Афанасий поучающе заговорил:
— Нужно, батюшка, так сказать, что и на том спасибо! Горе такое вышло, испортили девку у нас, не берет никто. А сынов-то нету, дома передать некому, — видишь? Пропадать приходится дому.
— А сохранить-то, значит, хочется! — объяснила Мавра. — Присватывался тут к девке женишок один, из Дернополя, да не может он к нам в зятья идти, а мы девку отдать не можем: нету сына, надобно зятя добывать.
— Плох паренек, плох, это надо правду сказать! — раздумчиво произнес Афанасий. — Мало пользы от него будет, а что поделаешь? Докуда ждать? Брезгуют девкою, сами видим — с изъяном.
— Отдали бы вы ее за Федора дернопольского. Что вы девку-то губите? — сказал я. — Сами говорите: плох парень, а ведь ей с ним всю жизнь маяться. Пожалели бы дочь!
Мавра скорбно возразила:
— Батюшка, да нешто не жалеем? Уж так-то жалеем! Да что ж поделаешь? Нельзя нам ее в чужой дом отдать, — что с хозяйством станется? Дуры-то мы, дуры, силы мужичьей у нас нету, а не обойдешься без нас в хозяйстве, нужно, чтоб баба была. А от меня, милый, пользы никакой нет, уж второй год лежу… Старик и то иной раз заругается: «Когда ты сдохнешь?» Известно, наше дело христьянское, рабочее, Только хлеб задаром жуешь.
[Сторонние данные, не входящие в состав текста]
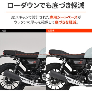 純正に近い形状ながらライダー部分を削ってスリムにし、座面を約25mmダウンさせたローダウンシート。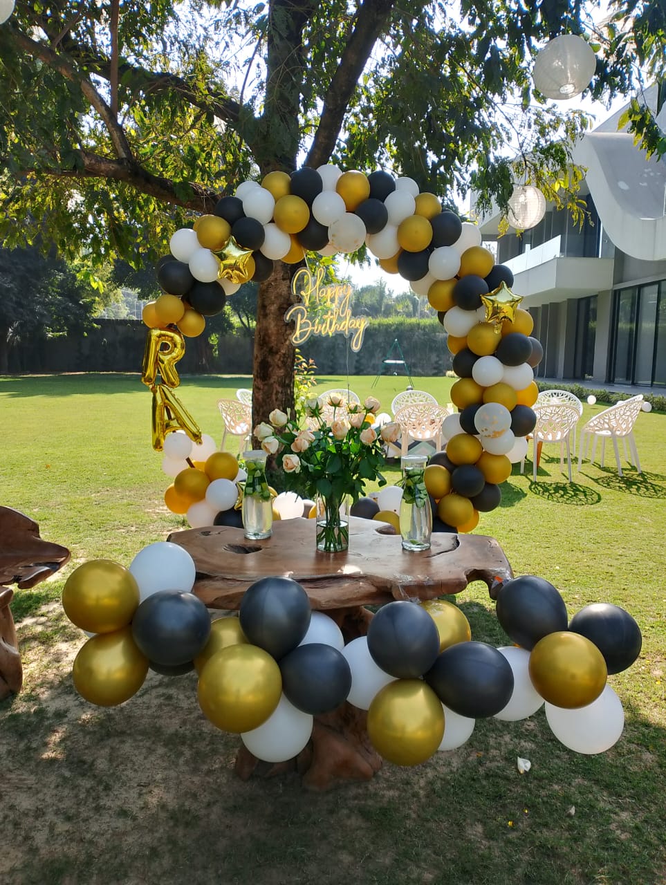 Premium Black & Gold Outdoor Birthday Backdrop | Luxury Garden Party Setup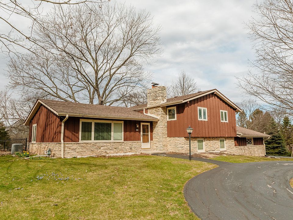 Large home on a beautiful lot with large shade trees and walking distance to Whitnall park. This multi-level home offers a 3 car garage, with In-laws quarters on ground level floor to garage, beautiful Stone fireplace, recently finished basement, 4 large bedrooms on the upper floor, recently remodeled baths, newer carpet, newer windows, refinished hardwood floor, large rooms, circle drive and back yard patio! This is a multilevel home with different heat zones for each level, floors and ceilings are heated for the most even heating!
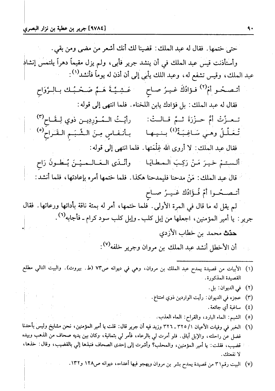 حدّث محمد بن خطاب الأزدي أن الأخطل أنشد عبد الملك بن مروان وجرير خلفه «7» :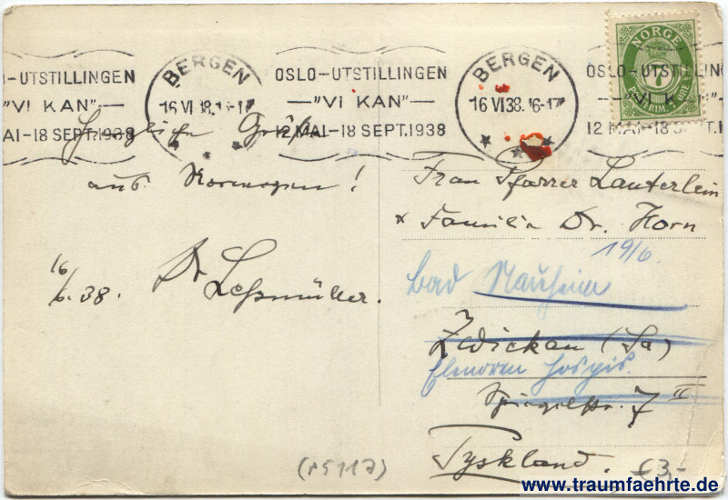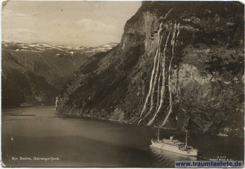 – Details – Jahr: ca. 1935 Status: gelaufen 1938 Beschriftung vorne: Syv Søstre, Geirangerfjord. S 3/117, Enerett Millet & Co. Beschriftung hinten: kein Text Stempel: 2x Bergen, ***, 16 VI 38. 16–17; 2x Oslo-Utstillingen, Vi Kan, 12 Mai – 18 Sept. 1938 Hinweis: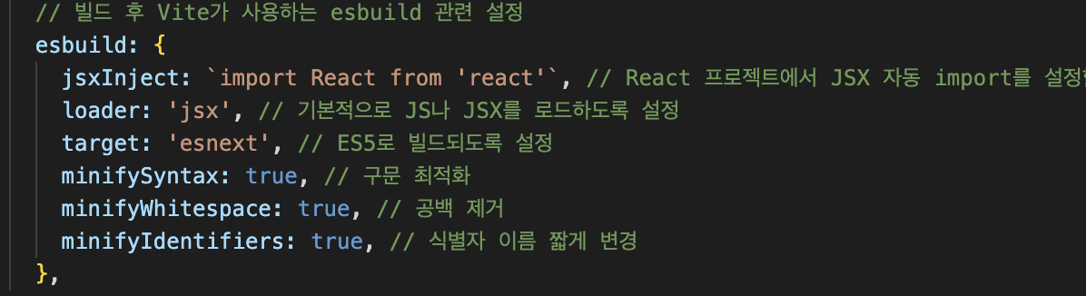 그래서 target에 설정을 esnext로 바꾸고 esbuild 관련설정도 이처럼 바꿔주었다.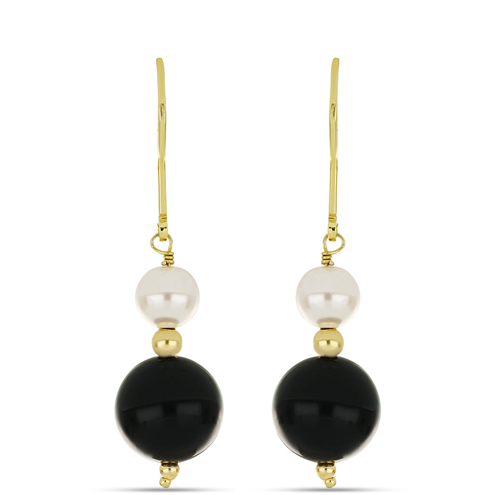 Pendientes de Plata Bañada en Oro con Ónix negro de Suwar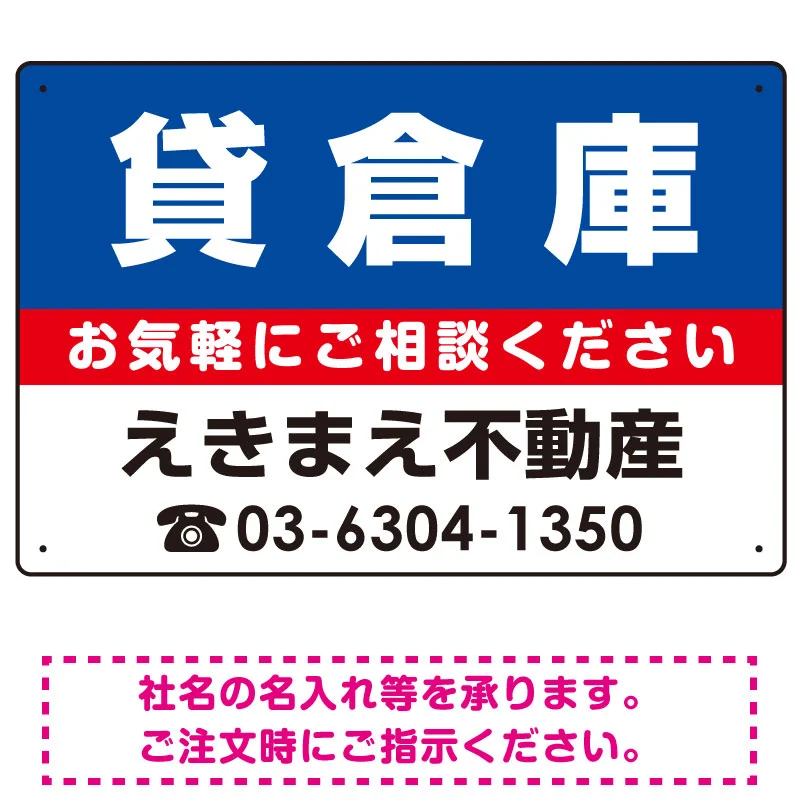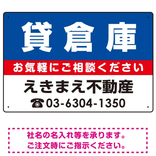 表示内容「貸倉庫」不動産向けプレート看板。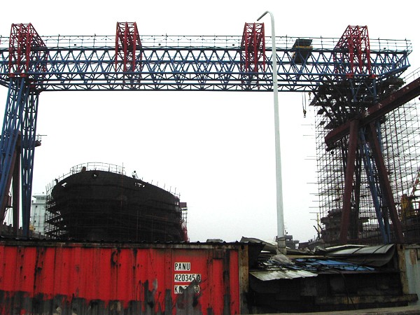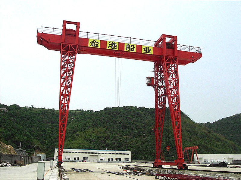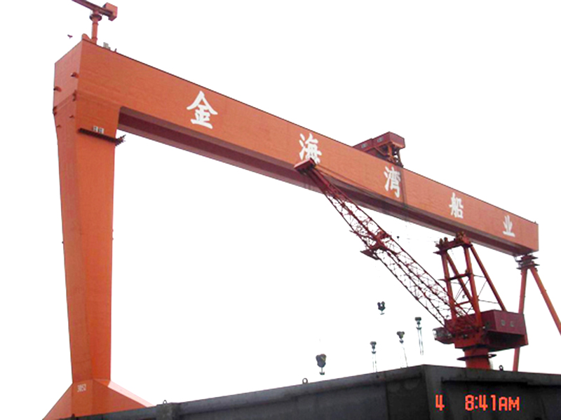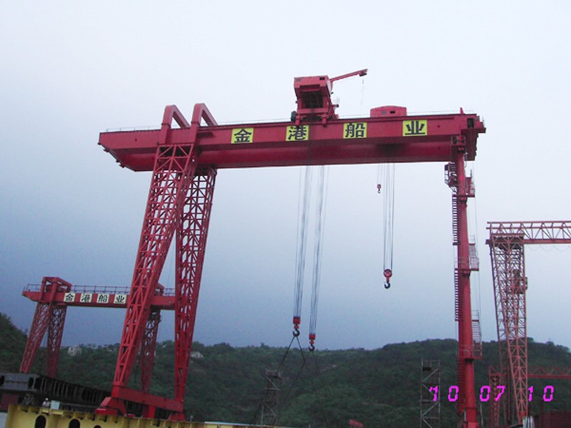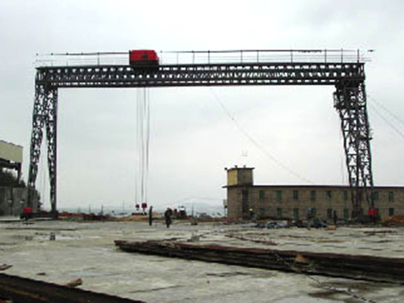 造船門式起重機適用于造船廠制作場所(船塢、船臺)進行造船作業,具有單吊、雙點抬吊、三點抬吊、空中翻轉吊件和輕載(≤50%滿載)快速升降、低風速(≤8m/s)快速運行等多種作業功能,在起重機整體吊裝

Доня неподвижно сидела на лавке и задумчиво глядела в угол.
Керосинка без стекла тускло горела на столе, дым коптящею, шевелящеюся струйкою поднимался к потолку. По стенам тянулись серые тени. За закоптелою печкою шевелилась густая темнота. И из темноты, казалось мне пристально смотрит в избу мрачный, беспощадный дух дома. Он намечает к смерти ставшую ему ненужною старуху; как огромный паук, невидимою паутиною крепко опутывает покорно опущенные плечи девушки…
И мне пришло в голову: не он ли, этот закоптелый, прикованный к печке дух, так возмущающий меня своею тупою беспощадностью, — не он ли один дает все-таки хоть какой-нибудь смысл всей этой непонятной для меня жизни?..
Афанасий вздохнул.
— А как нам вот зятя-то теперь приводить! Нужно миру ведро вина поставить, чтоб подписали приговор, ветчины выложить на закуску… А капитал у нас вот как тонок! Не вытянем.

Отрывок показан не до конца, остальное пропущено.